The outrage that met Sumner-Burstyn’s comments on the recent deaths of 5 NZ soldiers, shows how mindlessly jingoistic the NZ authoritarian populist rump has become in a global crisis where many retreat into racial national chauvinism. As we have said before, crisis and recession brings out the underlying racism, sexism and reactionary attitudes towards ‘liberal’ values. Classic is Matthew Hooten on Radio NZ rubbishing opposition to the war in Afghanistan by “Grey Lynn liberals”. In a period of social crisis those with a need for authority feel threatened by breakdown of social order and lash out at any scapegoat group they can blame for their fear. The NACTs and their attack dogs like Michael Laws exploit that fear in their baiting of easy targets including paedophiles and welfare frauds. Women who speak out like Sumner-Burstyn are easy targets for rape or death threats.

The logic of this reactionary scapegoating is to exploit fear and build public hysteria to justify a drive to war and for NZ’s involvement in more invasions and wars so that the NZ ruling class gets its share of the imperialist spoils. And as this causes resistance, it justifies more ‘anti-terror’ legislation and against free speech and assembly, and for more spying and restrictions on legal rights as we have seen in the aftermath of Operation 8. This is a slide towards fascism where all those who are perceived as a threat to the ‘social order’ of capitalism became the targets of reactionary groups in society ith the complicity of the state.

In the decade since the last Afghan war began, the invaders have met with the same fate of as all previous imperialist invasions, a long retreat before defeat. The US has no major strategic gains and apart from heavily fortified garrisons like Bagram, has shifted the moving front on the ‘war on terror’ to hit and run Drone warfare. Iran is next and China is not far behind with NZ now roped back as a junior partner in RIMPAC and the US plan to isolate its new global rival China politically and militarily.

Workers have to stand up against the revival of militaristic nationalism (jingoism) and wars of conquest wherever they are; get the troops out of Afghanistan; withdraw from all NATO and UN military forces in the Middle East, and from all RIMPAC and ANZAC agreements in the Asia Pacific. These are all designed to suck NZ into new intelligence sharing, surveillance, wars and invasions in the interests of the US and its allies, against its newly emerging imperialist rivals, China and Russia.

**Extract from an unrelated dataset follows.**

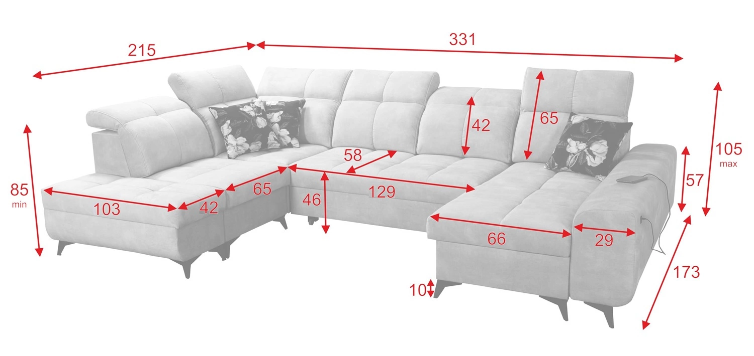 Rozměry nábytku umožňují vyplnění prostoru v prostorném obývacím pokoji nebo zasedací místnosti. Šířka rohu 331 cm, maximální výška 105 cm a hloubka 215 cm. Spací plocha rohové jednotky je 129x255 cm. Výška sedadla nábytku je 46 cm a maximální výška opěradla je 65 cm. Vlnité pružiny a polyuretanová pěna T30 je materiál, z něhož je vyrobeno sedadlo rohu. Pevné opěradlo s nastavitelnými opěrkami hlavy umožní snadné adaptace úhel opěrek hlavy podle vašich preferencí a zaručí vám pohodlný odpočinek po dlouhém dni, který oceníte vy, vaši blízcí i hosté, kteří se na tuto jedinečnou rohovou pohovku posadí.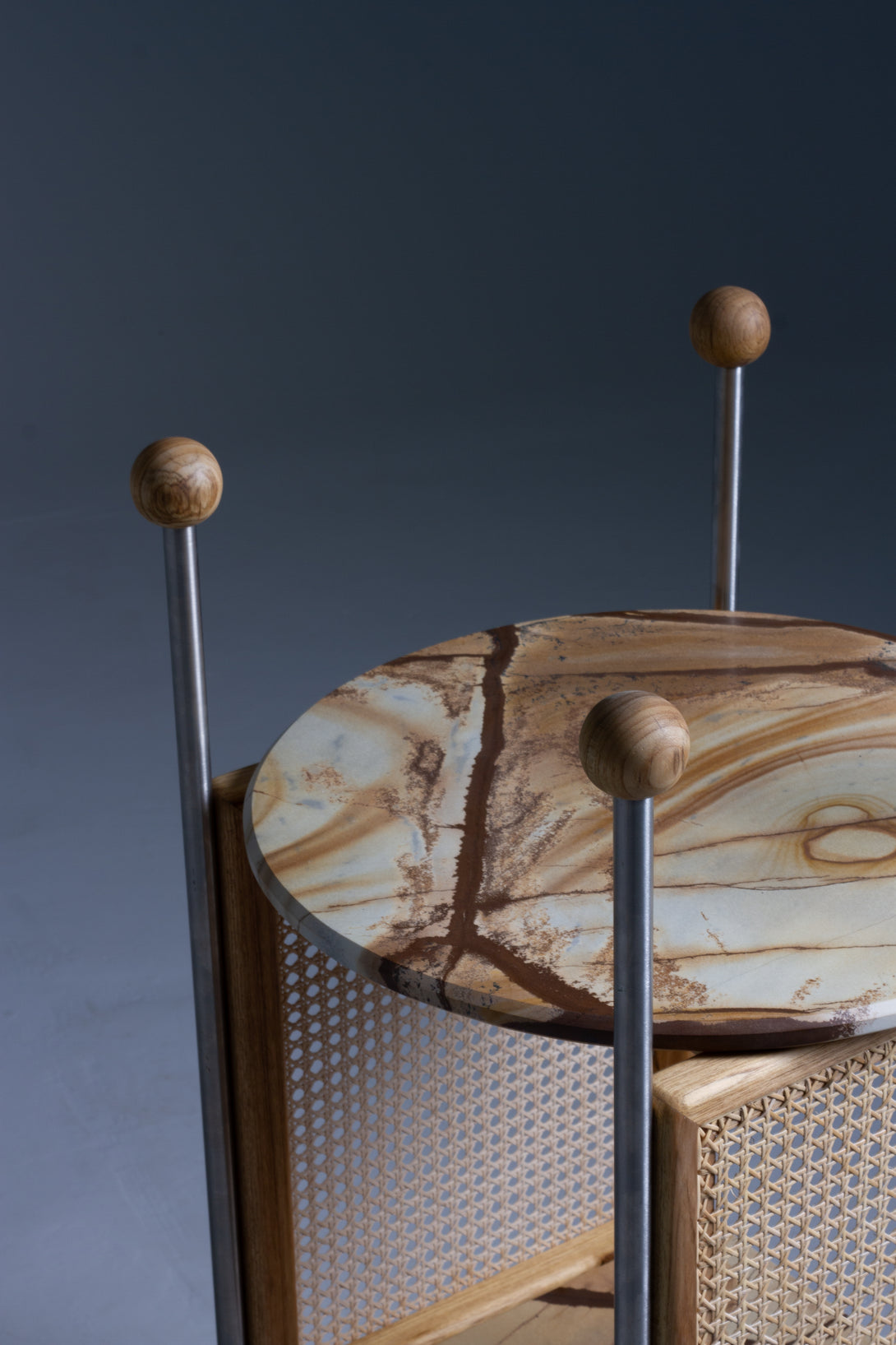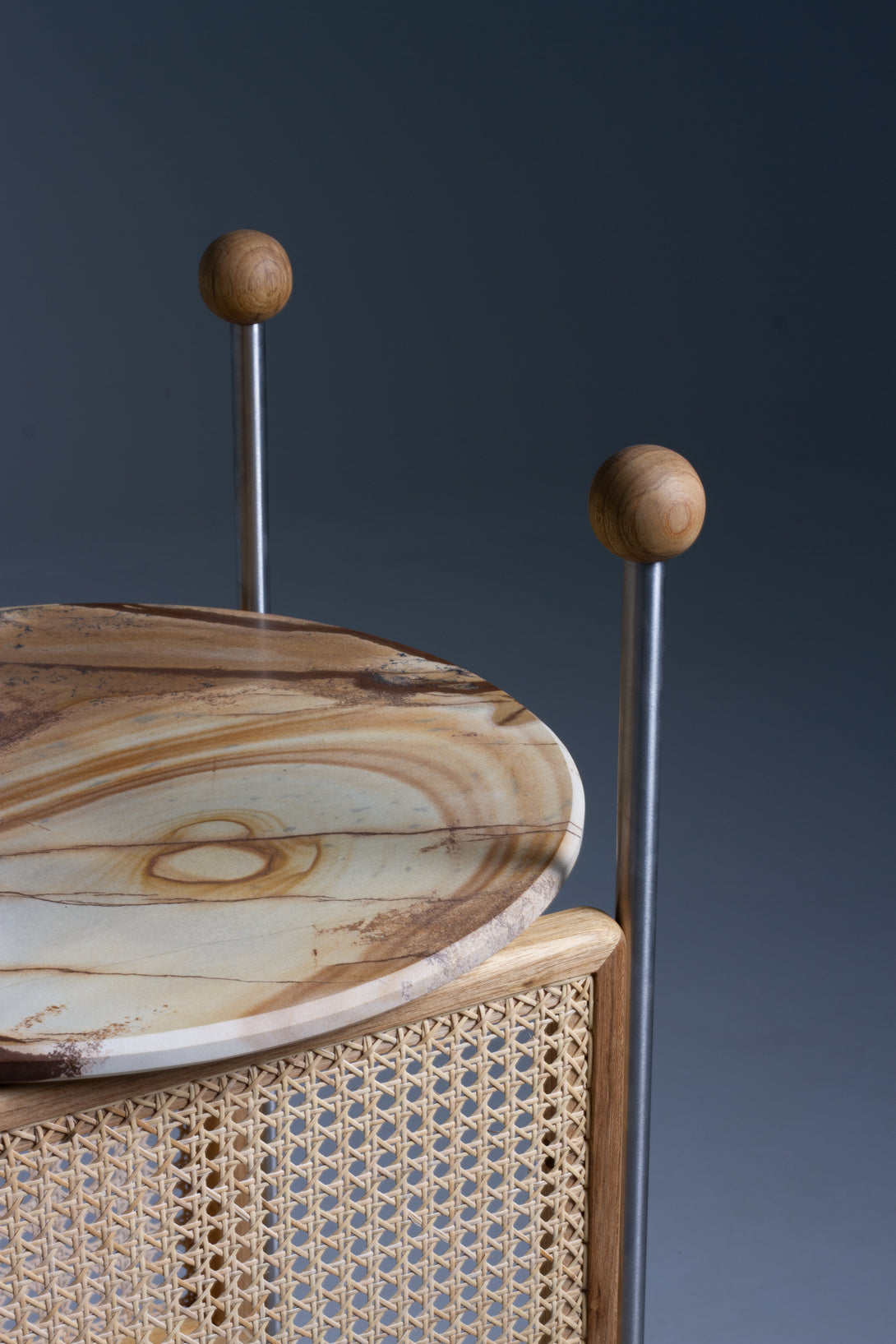 It is entirely crafted from solid wood. Its structure can be made of stainless steel (polished, brushed, rose, or gold) or painted in black, white, gray, green, and brown. The tops can be crafted from stone, granite, or various types of marble.

Class Struggle #101 July-August 2012

Class Struggle #101


Tuesday, August 28, 2012

Syria & ‘anti-imperialism’



Victims of the massacre at Daraya, Syria August 25/26, 2012


The  situation in Syria is escalating every day as the regime has been given the "green light" by Obomber that no US intervention will happen unless the regime crosses the "red line" of using a "whole bunch of chemical weapons" . The latest massacre of 630 at Daraya during the weekend of 25/26 August is one of the results. This highlights the question of imperialist intervention in Syria. Can revolutionaries support the intervention of imperialism on the side of the resistance to the Assad regime?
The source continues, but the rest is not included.